Print each entry in full, word for word, with no pictures in the result.

> _Given records_:
★ ★ ★
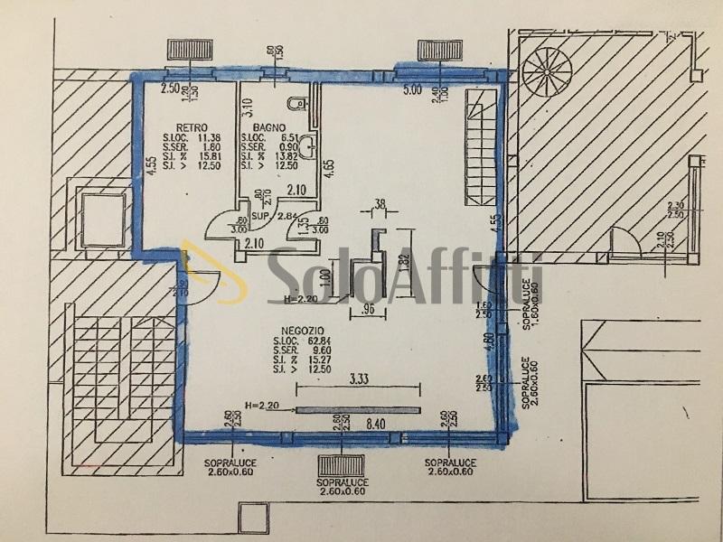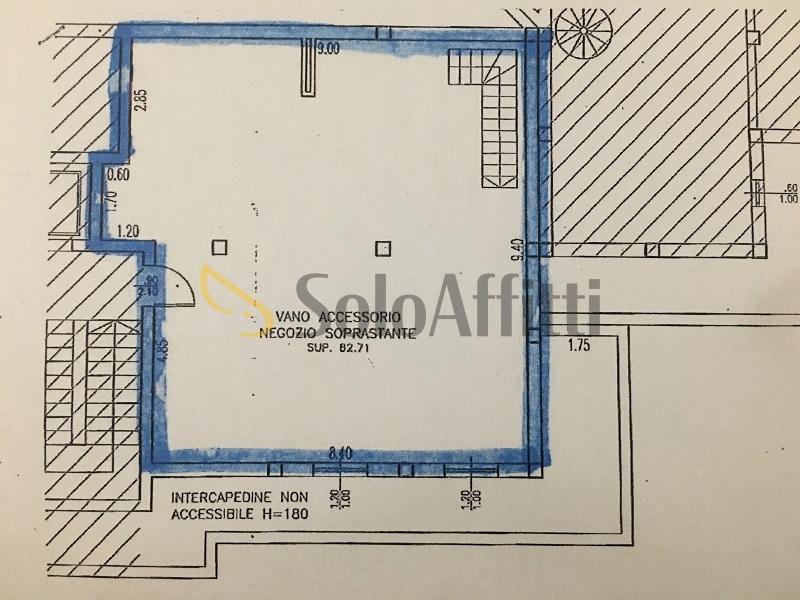 L´ immobile è composto da: ingresso su ampio vano commerciale di 80mq. un secondo vano di retro da utilizzare come ufficio e bagno con doccia. Dal vano principale si ha anche accesso ad un seminterrato con ampio vano da utilizzare come magazzino di ca. 80mq.
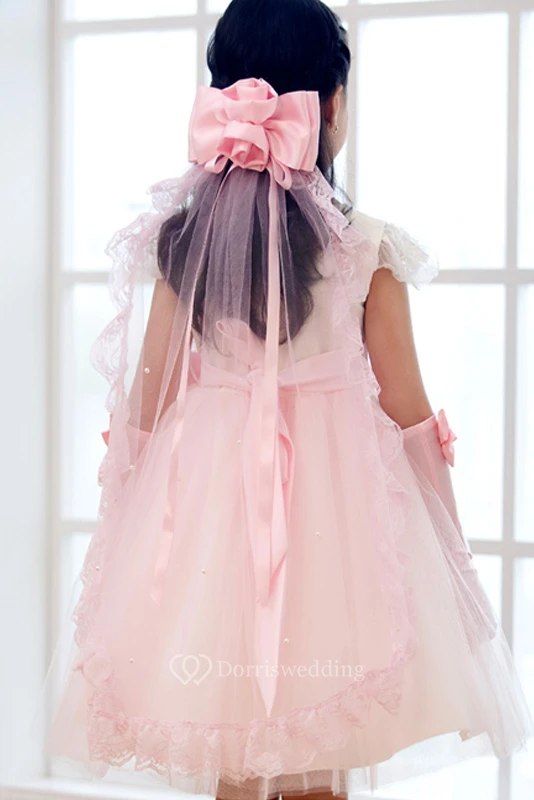 Princess Ruffled Lace Tier Tulle Flower Girl Veil with Bow
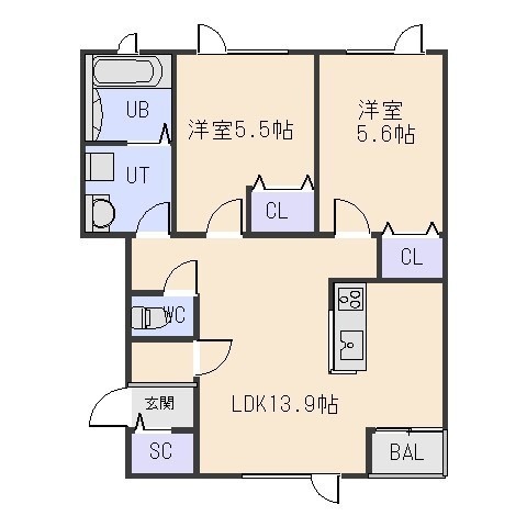 2LDK(56.02m²)└ LDK13.9帖 洋室5.6帖 洋室5.5帖
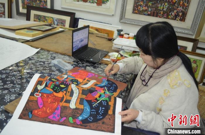 “小時候跟著奶奶學習納鞋底、刺繡,漸漸地喜歡上了繪制各種圖案,我的刺繡在村里也小有名氣。17歲那年,四川美術學院的老師到村里招收版畫學徒,我就報名了。當時條件很艱苦,很多人不理解,被家里人說不務正業(yè)。但我就是喜歡這些色彩、線條,一直堅持到現在。”交談中,李成芝談起她的版畫生涯。
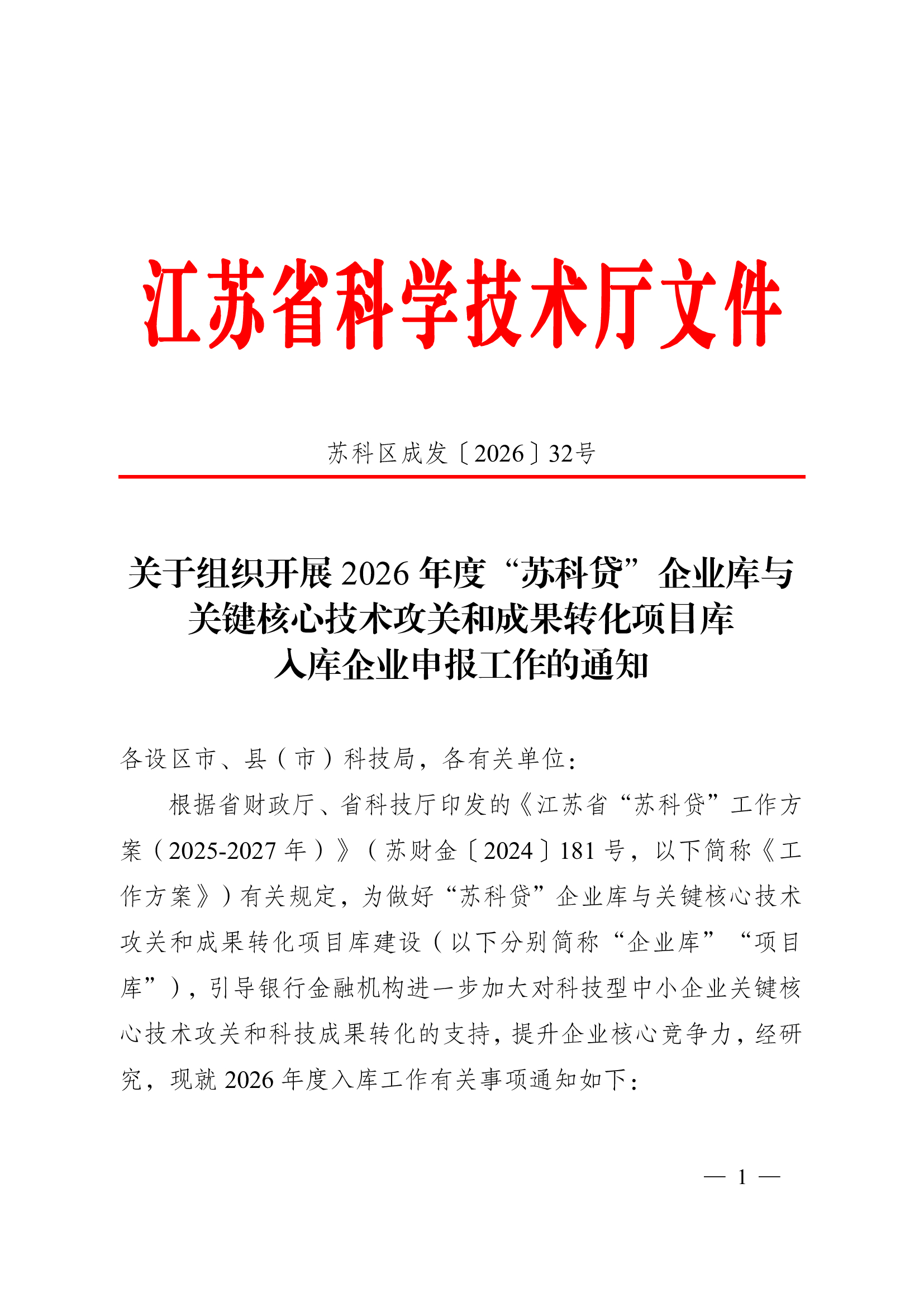 关于组织开展2026年度“苏科贷”企业库与关键核心技术攻关和成果转化项目库入库企业申报工作的通知
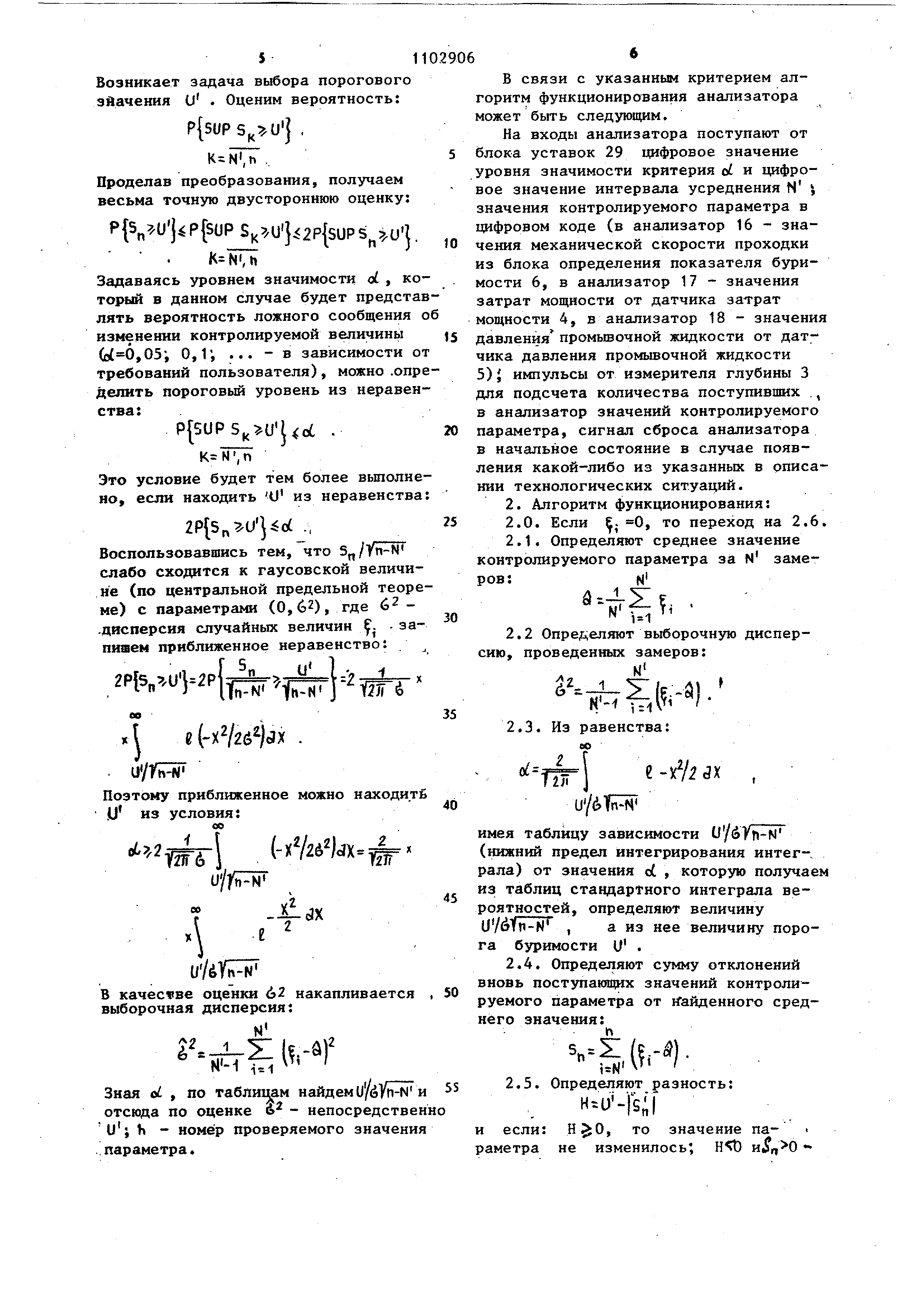 N - задаваемый интервал усреднения. Возникает задача выбора порогового эйачения U . Оценим вероятность: P{5UPS Uj , . Проделав преобразования, получаем весьма точную двустороннюю оценку: .UJ P{SUPS,,U}.2P{SUPS.U1 Задаваясь уровнем значимости oL , к торый в данном случае будет предст лять вероятность ложного сообщения изменении контролируемой величины (о(0,05, 0,1; ... - в зависимости требований пользователя), можно .опр делить пороговый уровень из неравен ства: . КгТПТп Это условие будет тем более вьшолн но, если находить U из неравенств 2Р{5„ и5 оС , Воспользовавшись тем, что 5„ /Vn-N слабо сходится к гаусовской величи не (по центральной предельной теор ме) с параметрами (0,6), где 6 .дисперсия случайных величин . - за пишем приближенное неравенство: , Pl nUHp{t fr Yrrl- WT к e(-x2/26)jx . u/rSniF Поэтому приближенное можно находит и из условия: (. u/dyiviT В качестве оценки &2 накапливается выборочная дисперсия: N J2 1 IP л)2 Зная oL , по таблш ам найдем U/eVn-N отсюда по оценке 6 - непосредстве Ui Ь - номер проверяемого значени . параметра. В связи с указанным критерием алгоритм функционирования анализатора может быть следующим. На входы анализатора поступают от блока уставок 29 цифровое значение уровня значимости критерия at. и цифровое значение интервала усреднения N j значения контролируемого параметра в цифровом коде {в анализатор 16 - значения механической скорости проходки из блока определения показателя буримости 6, в анализатор 17 - значения затрат мощности от датчика затрат мощности 4, в анализатор 18 - значения давления промьшочной жидкости от датчика давления промывочной жидкости 5){ импульсы от измерителя глубины 3 для подсчета количества поступивших ., в анализатор значений контролируемого параметра, сигнал сброса анализатора в начальное состояние в случае появления какой-либо из указанных в описании технологических ситуаций. 2. Алгоритм функционирования: 2.0.Если . 0, то переход на 2.6. 2.1.Определяют среднее значение контролируемого параметра за N замеN ров: --1 f N 2.2 Определяют выборочную дисперсию , проведенных замеров: ). 2.3. Из равенства: е -xV dx имея таблицу зависимости U/ Vn-N (нижний предел интегрирования интеграла ) от значения ot , которую получаем из таблиц стандартного интеграла вероятностей , определяют величину иМТп-М , а из нее величину порога буримости U . 2.4.Определяют сумму отклонений вновь поступающих значений контролируемого параметра от йайденного среднего значения: -|М2 .5.Определяют разность: H.u -|sil если: , то значение па- « аметра не изменилось, Н и, и S О - уменьувеличило .сь шилось. 2.6.Из полученных в 2.5 и 2.0 результатов формируют сигналы на вы-ходе анализатора. 2.7.Возврат на 2,0 в случае появления сигнала Сброс. Устройство работает следующим образом . По мере вычисления показателей буримости, полученных при бурении равных по длине интервалов скважины, рассчитьшается величина коэффициента вариации сначала для двух показателей и сравнивается с пороговой вели .чиной. Если величина коэффициента вариации К меньше допустимой для дан ного закона распределения величины, то к первбначальной выборке, состоящей из двух показателей, присоединяется третий показатель буримости и для новой выборки снова рассчитывается величина коэффициента вариации и сравнивается с допустимой величиной и т.д. Тот показатель, который, будучи присоединенным к выборке, при вел к превьппению величины ее коэффициента вар
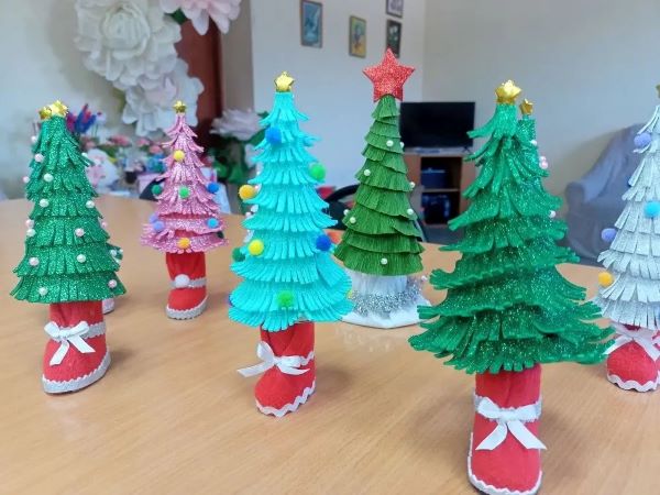 Ребята с увлечением работали над созданием поделки: аккуратно вырезали детали, формировали ряды веточек и собирали свои елочки по шагам. В процессе все участники освоили технику работы с фоамираном – нагревание для придания формы, склейку и декорирование. Получившиеся елочки украсили бусинами и «посадили» в сапожок Деда Мороза, над которым тоже пришлось потрудиться. Мастер-класс помог развить творческое мышление, напомнил всем участникам о приближающемся новогоднем празднике и подарил всем радость созидания.
★ ★ ★
> _Written answer_:
 L´ immobile è composto da: ingresso su ampio vano commerciale di 80mq. un secondo vano di retro da utilizzare come ufficio e bagno con doccia. Dal vano principale si ha anche accesso ad un seminterrato con ampio vano da utilizzare come magazzino di ca. 80mq.
 Princess Ruffled Lace Tier Tulle Flower Girl Veil with Bow
 2LDK(56.02m²)└ LDK13.9帖 洋室5.6帖 洋室5.5帖
 “小時候跟著奶奶學習納鞋底、刺繡,漸漸地喜歡上了繪制各種圖案,我的刺繡在村里也小有名氣。17歲那年,四川美術學院的老師到村里招收版畫學徒,我就報名了。當時條件很艱苦,很多人不理解,被家里人說不務正業(yè)。但我就是喜歡這些色彩、線條,一直堅持到現在。”交談中,李成芝談起她的版畫生涯。
 关于组织开展2026年度“苏科贷”企业库与关键核心技术攻关和成果转化项目库入库企业申报工作的通知
 N - задаваемый интервал усреднения. Возникает задача выбора порогового эйачения U . Оценим вероятность: P{5UPS Uj , . Проделав преобразования, получаем весьма точную двустороннюю оценку: .UJ P{SUPS,,U}.2P{SUPS.U1 Задаваясь уровнем значимости oL , к торый в данном случае будет предст лять вероятность ложного сообщения изменении контролируемой величины (о(0,05, 0,1; ... - в зависимости требований пользователя), можно .опр делить пороговый уровень из неравен ства: . КгТПТп Это условие будет тем более вьшолн но, если находить U из неравенств 2Р{5„ и5 оС , Воспользовавшись тем, что 5„ /Vn-N слабо сходится к гаусовской величи не (по центральной предельной теор ме) с параметрами (0,6), где 6 .дисперсия случайных величин . - за пишем приближенное неравенство: , Pl nUHp{t fr Yrrl- WT к e(-x2/26)jx . u/rSniF Поэтому приближенное можно находит и из условия: (. u/dyiviT В качестве оценки &2 накапливается выборочная дисперсия: N J2 1 IP л)2 Зная oL , по таблш ам найдем U/eVn-N отсюда по оценке 6 - непосредстве Ui Ь - номер проверяемого значени . параметра. В связи с указанным критерием алгоритм функционирования анализатора может быть следующим. На входы анализатора поступают от блока уставок 29 цифровое значение уровня значимости критерия at. и цифровое значение интервала усреднения N j значения контролируемого параметра в цифровом коде {в анализатор 16 - значения механической скорости проходки из блока определения показателя буримости 6, в анализатор 17 - значения затрат мощности от датчика затрат мощности 4, в анализатор 18 - значения давления промьшочной жидкости от датчика давления промывочной жидкости 5){ импульсы от измерителя глубины 3 для подсчета количества поступивших ., в анализатор значений контролируемого параметра, сигнал сброса анализатора в начальное состояние в случае появления какой-либо из указанных в описании технологических ситуаций. 2. Алгоритм функционирования: 2.0.Если . 0, то переход на 2.6. 2.1.Определяют среднее значение контролируемого параметра за N замеN ров: --1 f N 2.2 Определяют выборочную дисперсию , проведенных замеров: ). 2.3. Из равенства: е -xV dx имея таблицу зависимости U/ Vn-N (нижний предел интегрирования интеграла ) от значения ot , которую получаем из таблиц стандартного интеграла вероятностей , определяют величину иМТп-М , а из нее величину порога буримости U . 2.4.Определяют сумму отклонений вновь поступающих значений контролируемого параметра от йайденного среднего значения: -|М2 .5.Определяют разность: H.u -|sil если: , то значение па- « аметра не изменилось, Н и, и S О - уменьувеличило .сь шилось. 2.6.Из полученных в 2.5 и 2.0 результатов формируют сигналы на вы-ходе анализатора. 2.7.Возврат на 2,0 в случае появления сигнала Сброс. Устройство работает следующим образом . По мере вычисления показателей буримости, полученных при бурении равных по длине интервалов скважины, рассчитьшается величина коэффициента вариации сначала для двух показателей и сравнивается с пороговой вели .чиной. Если величина коэффициента вариации К меньше допустимой для дан ного закона распределения величины, то к первбначальной выборке, состоящей из двух показателей, присоединяется третий показатель буримости и для новой выборки снова рассчитывается величина коэффициента вариации и сравнивается с допустимой величиной и т.д. Тот показатель, который, будучи присоединенным к выборке, при вел к превьппению величины ее коэффициента вар
 Ребята с увлечением работали над созданием поделки: аккуратно вырезали детали, формировали ряды веточек и собирали свои елочки по шагам. В процессе все участники освоили технику работы с фоамираном – нагревание для придания формы, склейку и декорирование. Получившиеся елочки украсили бусинами и «посадили» в сапожок Деда Мороза, над которым тоже пришлось потрудиться. Мастер-класс помог развить творческое мышление, напомнил всем участникам о приближающемся новогоднем празднике и подарил всем радость созидания.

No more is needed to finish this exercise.